++++ WORKING DATA

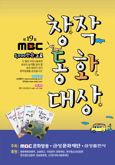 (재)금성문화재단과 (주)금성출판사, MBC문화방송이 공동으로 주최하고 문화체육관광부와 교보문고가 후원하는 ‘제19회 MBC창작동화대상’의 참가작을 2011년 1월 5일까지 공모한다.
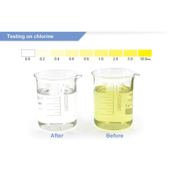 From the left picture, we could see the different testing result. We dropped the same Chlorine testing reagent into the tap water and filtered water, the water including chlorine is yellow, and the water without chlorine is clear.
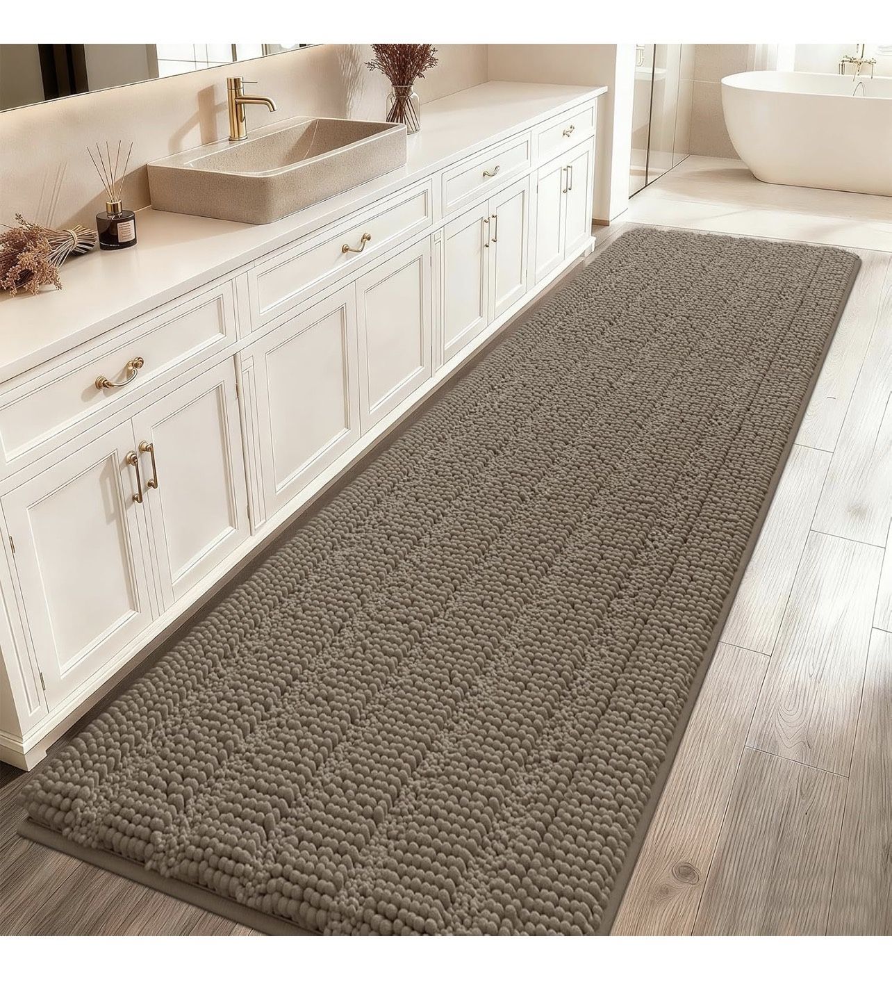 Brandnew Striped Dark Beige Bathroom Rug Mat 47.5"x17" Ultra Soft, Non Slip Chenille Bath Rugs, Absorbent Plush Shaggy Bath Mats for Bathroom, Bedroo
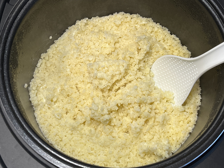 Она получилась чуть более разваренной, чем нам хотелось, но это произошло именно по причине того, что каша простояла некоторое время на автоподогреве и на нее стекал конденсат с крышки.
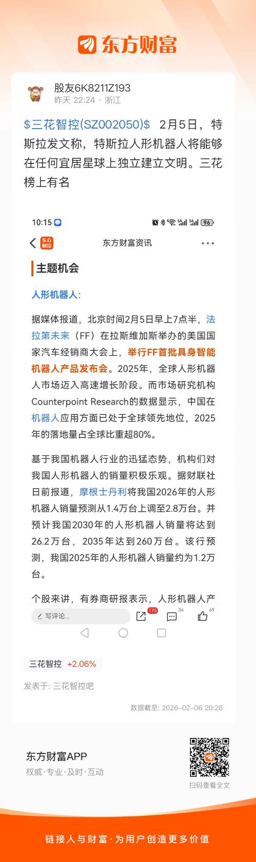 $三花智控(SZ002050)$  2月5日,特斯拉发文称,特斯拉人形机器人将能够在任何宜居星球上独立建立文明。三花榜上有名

++++++++
++++ WORKING DATA

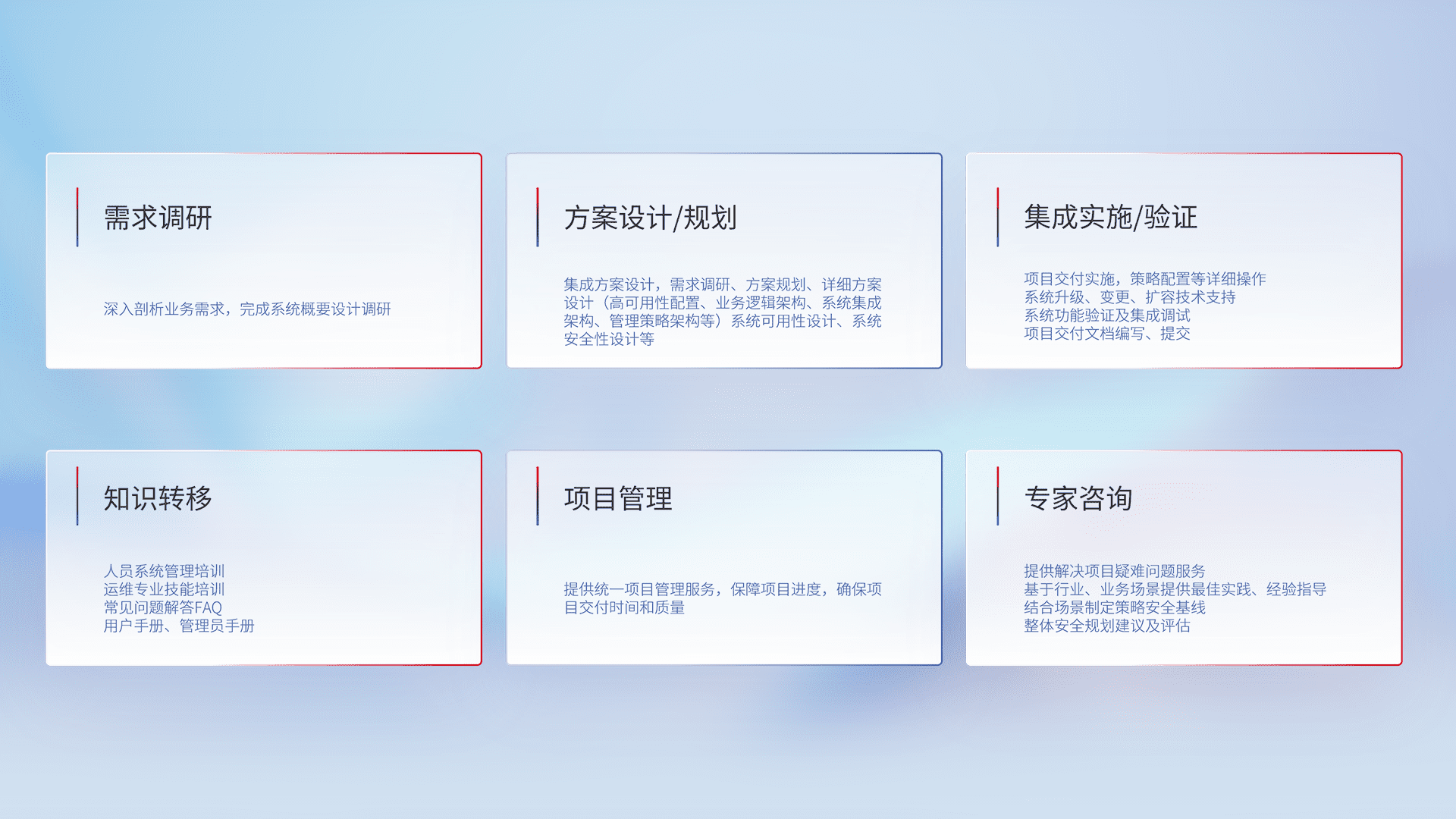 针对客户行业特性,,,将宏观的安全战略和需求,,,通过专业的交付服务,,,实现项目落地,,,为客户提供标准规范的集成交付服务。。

++++++++

WHAT TO DO
Would you copy the lines above exactly, starting with the one that has "Brandnew Striped Dark" and ending with the one that has "Она получилась чуть", both included, without the pictures?

EXPECTED ANSWER
 Brandnew Striped Dark Beige Bathroom Rug Mat 47.5"x17" Ultra Soft, Non Slip Chenille Bath Rugs, Absorbent Plush Shaggy Bath Mats for Bathroom, Bedroo
 Она получилась чуть более разваренной, чем нам хотелось, но это произошло именно по причине того, что каша простояла некоторое время на автоподогреве и на нее стекал конденсат с крышки.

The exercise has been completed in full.